# Optimisation of a Logistic Regression Model using Optimx in R

In my last post I used the `optim()` command to optimise a linear regression model. In this post, I am going to take that approach a little further and optimise a logistic regression model in the same manner. Thanks to John C. Nash, I got a first glimpse into the world of optimisation functions in `R`. His book showed me how important it is to compare the results of different optimisation algorithms. Where I used the `base` optimisation function `optim()` in my last post, I will use `optimx()` from the `optimx` package in this post. The `optimx` package and function were developed by Nash and colleagues as a wrapper of the `base` `optim()` function.

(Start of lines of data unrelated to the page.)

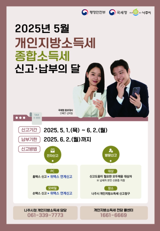 김경숙 나주시 세무과장은 “신고 마감일인 6월 2일에는 홈택스, 위택스 연계가 불안정할 수 있으니 사전에 신고·납부하시기 바란다”며 “신고 기간 경과로 가산세 등 불이익이 없도록 기간 내에 신고·납부해 달라”고 말했다.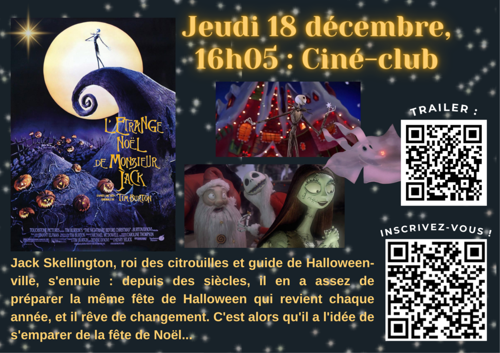 Ce jeudi 18 décembre à la bibliothèque, dès la fin des cours (16h05-16h10), se tiendra une séance spéciale de Noël pour le Ciné Club!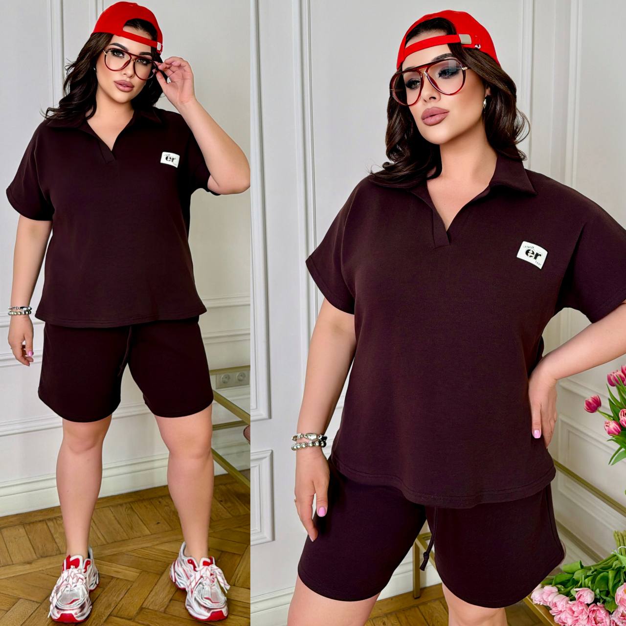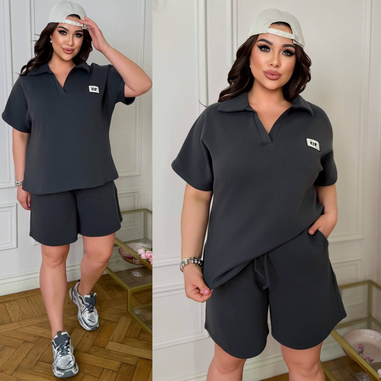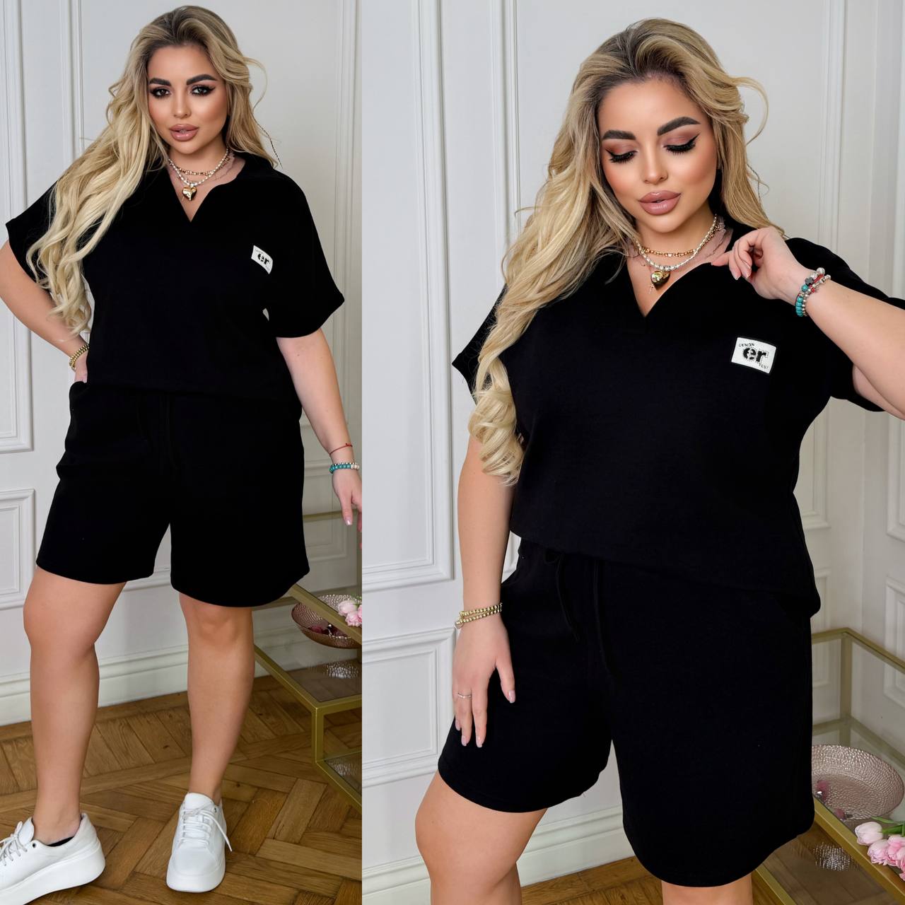 ( Стильний комфортний костюм “Vacation in Saint-Tropez” з подвійного дабл фейс хб стрейч Турція : футболка поло у стилі оверсайз + шорти з високою посадкою з кішенями у бічних швах, з куліскою на поясі).
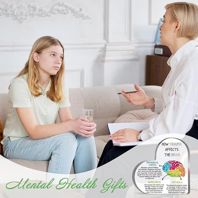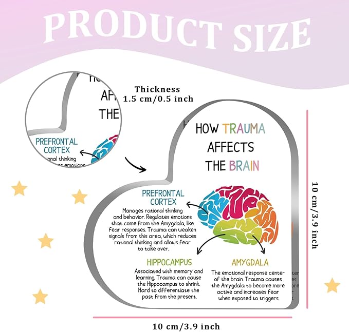 Mental Health Desk Decor, Positive Affirmations How Trauma Affects the Brain Acrylic Heart Gifts Decorations for Social Worker Therapy School Counseling Office Desktop Art Decoration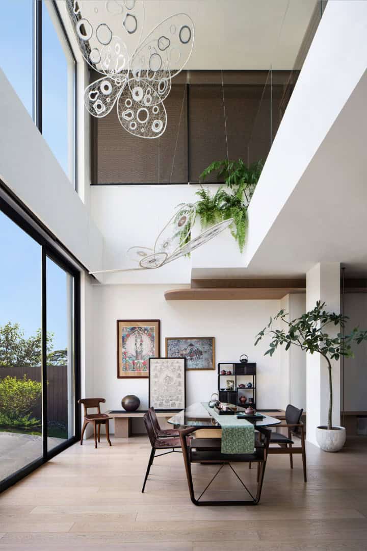 The hollow layout is created to link the separate first and lower ground floor, delivering aesthetics that surpasses nature with the ornament of butterfly art installation. The two butterflies are motivated by artist Li Zhou’s “Metamorphosis,” which uses traditional weaving techniques to produce flexible wire in a form that is light and dynamic, like a butterfly escaping from its cocoon and illustrating the tension of rebirth. Finally, the two separate floors are linked flexibly, bring splendid scenery.
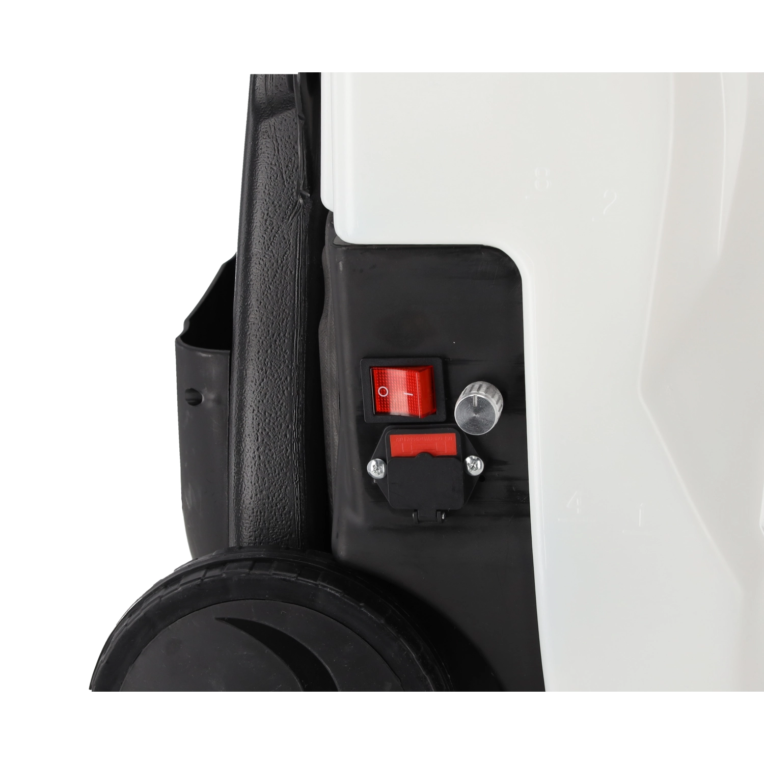 De elektrisch aangedreven pomp op accu en overzichtelijke bedieningsknoppen maken het mogelijk de druk precies in te stellen en de sproeiing volledig onder controle te houden.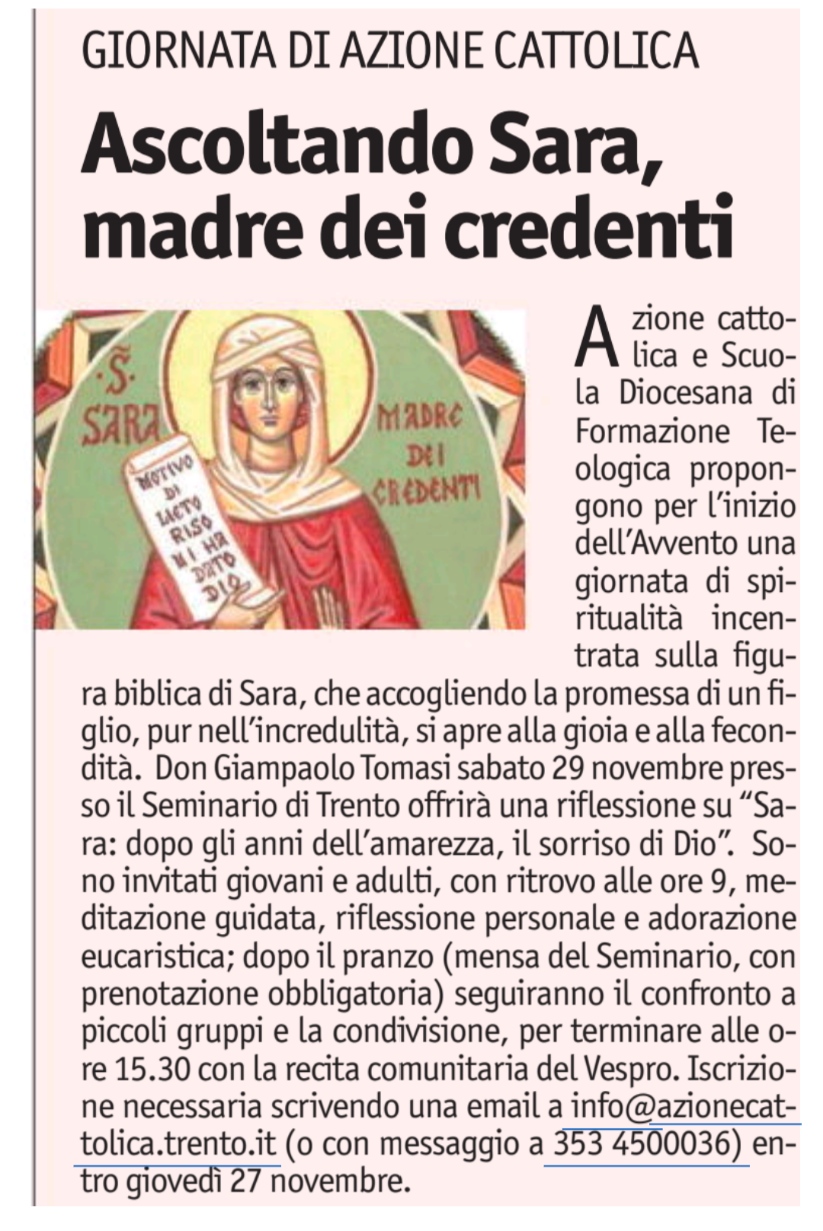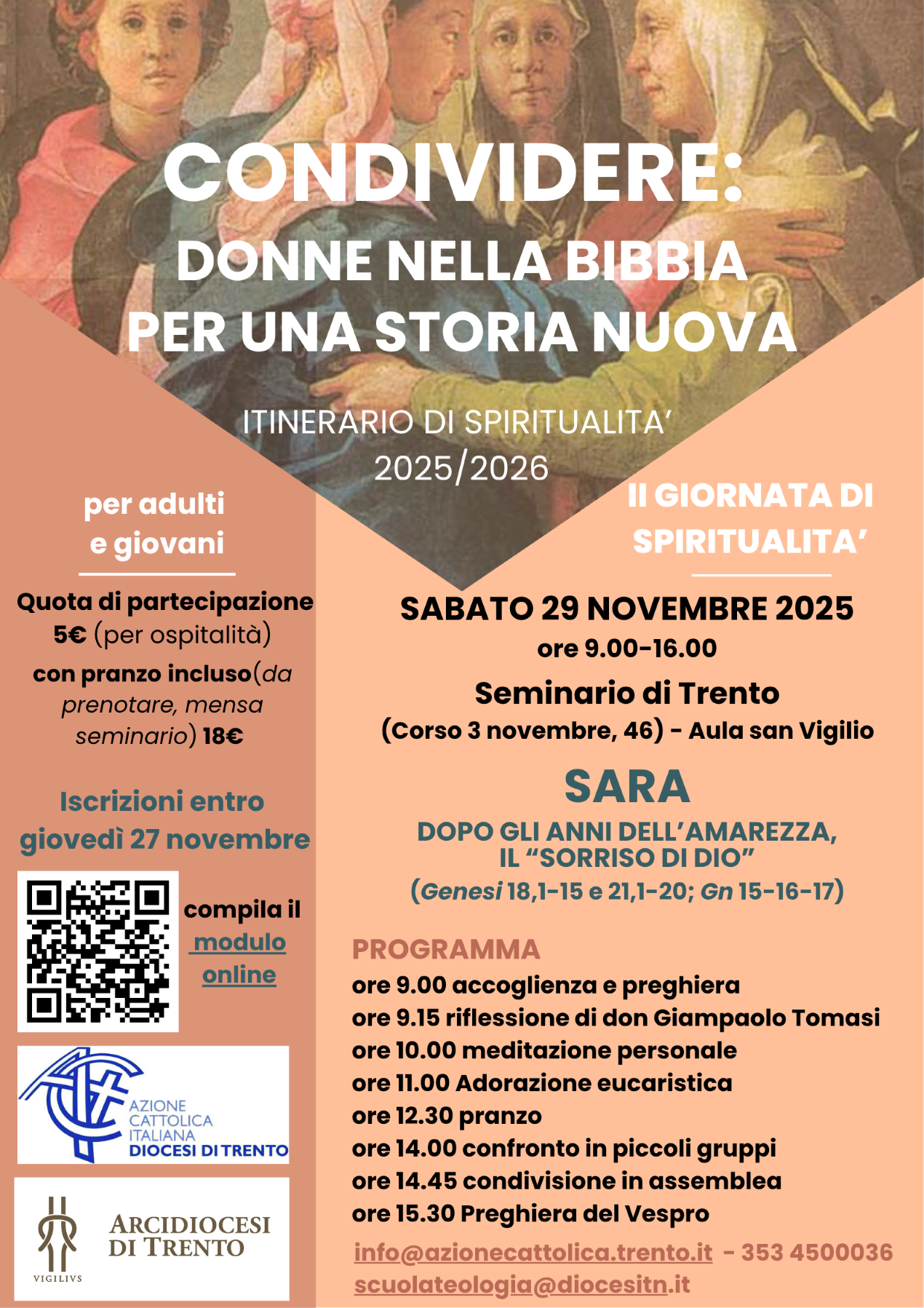 Nel secondo appuntamento dell’itinerario di spiritualità 2025-2026 “CONDIVIDERE – donne nella Bibbia per una storia nuova” l’assistente spirituale dell’Azione cattolica diocesana don Giampaolo Tomasi offrirà una meditazione su Sara: dopo gli anni dell’amarezza, il “sorriso di Dio” a partire dalla Parola di Dio in Genesi 18,1-15 e 21,1-20 (leggere anche i capitoli 15, 16 e 17)

There are numerous advantages in using `optimx()` instead of `optim()`. In my opinion, among the most important is an easier comparison between different optimisation methods. In case someone is more interested in the variety of optimisation functions and problems that come with them, I can warmly recommend John C. Nash’s book *Nonlinear Parameter Optimisation Using R Tools*.

However, coming back to my main focus: the optimisation of a logistic regression model using the `optimx()` function in R. For this, I would like to use the `icu` data set from the package `aplore3`. The data set contains data from 200 patients in an intensive care unit (ICU) and provides information whether the patient survived their stay or died. The particular question I would like to take a look at is whether the probability of dying during the ICU stay \(P(Y = 1)\) is related to age \((x_1)\) and sex \((x_2)\). In order to do so, I firstly would like to load the data set and set up our variables:

```
# 1. Prefix -------------------------------------------------------------------
# Remove all files from ls
rm(list = ls())
# Loading packages
require(aplore3)
require(optimx)
require(numDeriv)
require(dplyr)
# 2. Loading dataset ----------------------------------------------------------
#Reading the example data set icu from the package aplore3
icu <- as.data.frame(icu)
icu$sta_n <- ifelse(icu$sta == "Died", 1, 0)
icu$female <- ifelse(icu$gender == "Female", 1, 0)
```

The specific model that I would like to use is:

\[ P(Y|x_1, x_2) \sim \alpha + \beta_1 x_1 + \beta_2 x_2\] Using the logistic link-function we can find a linear function for the right side of the equation.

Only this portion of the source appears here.